Thank Goodness There’s a Three-Week Gossip Girl Sabbatical Now

It’ll be a nice opportunity to grow back some of the soul that the past three weeks of this nuclear-grade disaster-bomb have destroyed.  I really hope that Gossip Girl isn’t practicing a scorched earth policy with their soul-killing descent into unrepentant atrociousness, ‘cos seriously, y’all:


Given that recapping last night’s Gossip Girl constitutes forcing yourself into a state of post-traumatic stress, I’m going to try to keep this brief.  Hopefully I won’t blackout in a fit of rage before I’m finished writing this damn thing.  Anyways.

In last night’s main plot, the Humphreys and the van der Woodsens decide to team up and throw Jenny a high-society sweet sixteen party.  Jenny’s makes sad racoon eyes because she wants a smaller party because everybody hates her.  Don’t worry, little J, I don’t hate you.  I just hate your outfits.  Everybody does hate her, though, so Serena thinks she’s losing her social edge because Jenny’s birthday is actually about Serena.  Duh.  I hate how I always forget that your birthday is always about somebody else.

Serena secretly starts up the party again and invites her socialite friend/human-shaped-mass-of-awful-with-a-wretched-haircut-and-foul-bangs, Poppy, so everybody at school will thinks she’s cool.  Jenny proves to have a soul as ugly as the dress she wears to her party and invites everyone to the party through Gossip Girl and…oh, let’s just skip to the end.  Really, at this point in the episode, I was wishing I’d baked rat poison or cyanide into my shepherd’s pie so I could end the dreadful suffering.  

So Serena ends up deciding to leave for Spain with Poppy for a week because she didn’t like being grounded for being a selfish bitch, and it’s hinted that perhaps she had a scandalous past in Europe because Poppy’s boyfriend recognizes Serena by a different name.  Given this show’s track record, it’ll be neither all that scandalous nor something the screenwriters will want to deal with for more than a two episode, so color me who-gives-a-damn?

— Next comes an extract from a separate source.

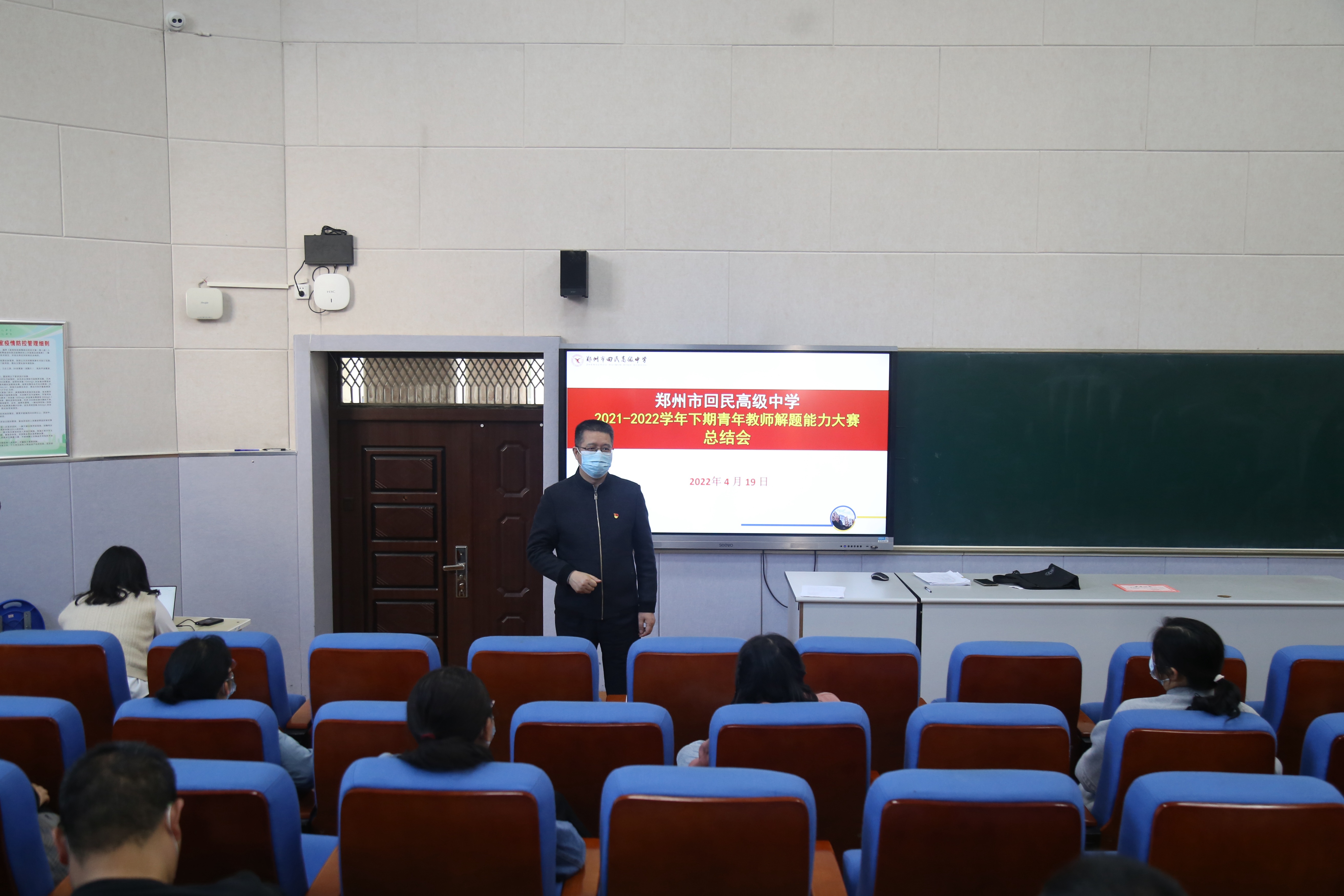 4月19日下午,郑州市回民高级中学在学校东阶梯教室进行了2021-2022学年下期青年教师解题能力大赛总结会。参加解题比赛的30名青年教师、副校长夏向阳、课程教学处副主任赵杰等人参加会议,会议由课程教学处副主任徐两省主持。

We also saw that Nate and Blair appearred to be bumping uglies before classes start, but it later turns out that they were just having french toast.  Vanessa gets an e-mail from Nate to talk about their relationship, sees Blair leave Nate’s apartment, and then discovers Chuck set her up to witness this. They connive to get back their respective interests at Jenny’s party and fail, so Chuck and Vanessa decide to skip the french toast and go straight to the nasty.  I would’ve preferred the french toast (or perhaps beignets), but that’s just me.  Nate and Blair get back together and suck face in Central Park because the writers on this show are experts at giving the audience exactly what we didn’t ask for, so the end.

I really hope that the three-week break allows the show to get back on track, but I suspect that would require them to hire an entirely new writing staff, so I’m really only hoping the show has simply hit rock bottom.  If this gets any worse, I’m going to start throwing things at my television, so I hope that Georgina’s promised return won’t be made sour.  I just might break my television.

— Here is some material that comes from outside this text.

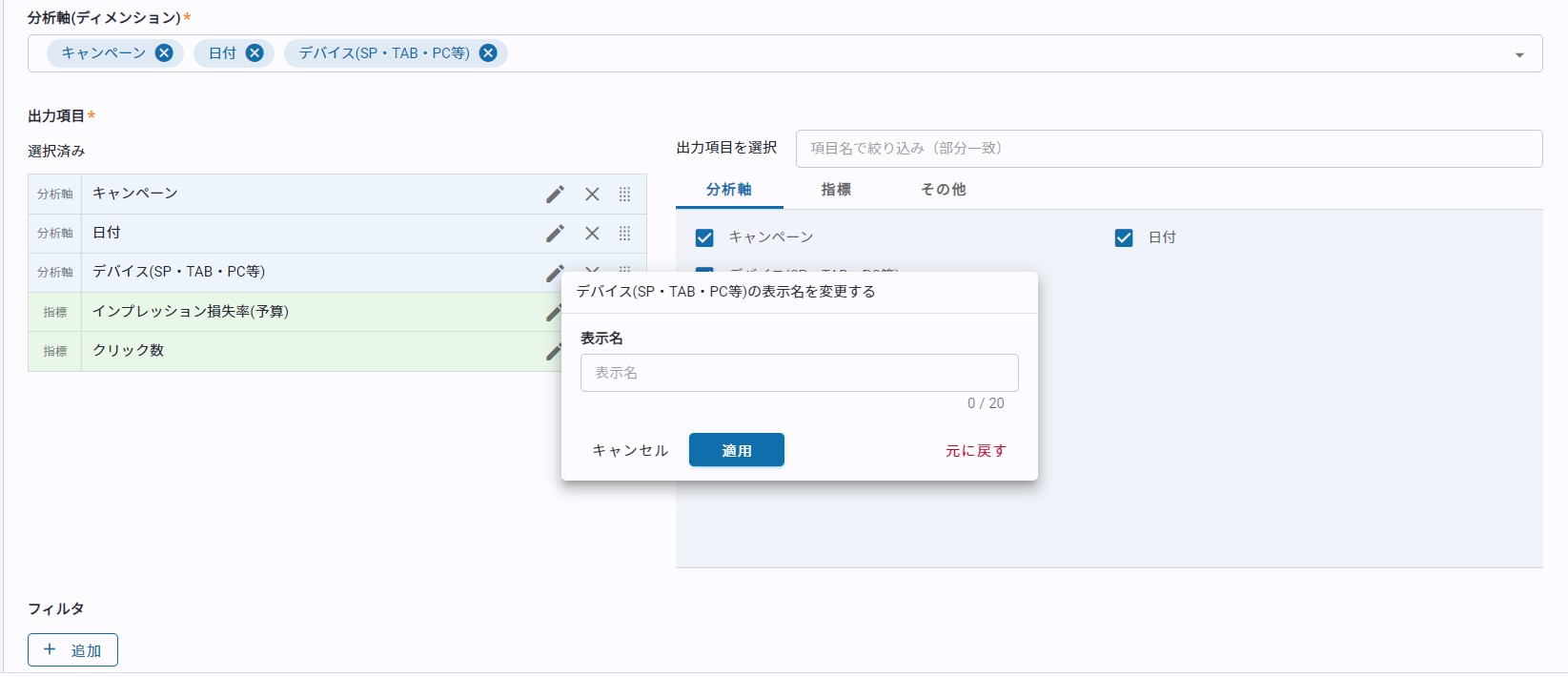 変更後は「元に戻す」で元の指標名・分析軸名に戻すことができます。

Oh, also: Rufus is poor too poor to pay for Yale, but he’s a Humphrey.  Apparently that means…something?  Feel free to leave your best guess in the comments, y’all.

(Also, as my friend Nathan noted, Poppy’s boyfriend actually recognized Serena from her clubbing days with Georgina; however, this show has generated so much apathy in me that I refuse to be bothered with actually correcting my text.)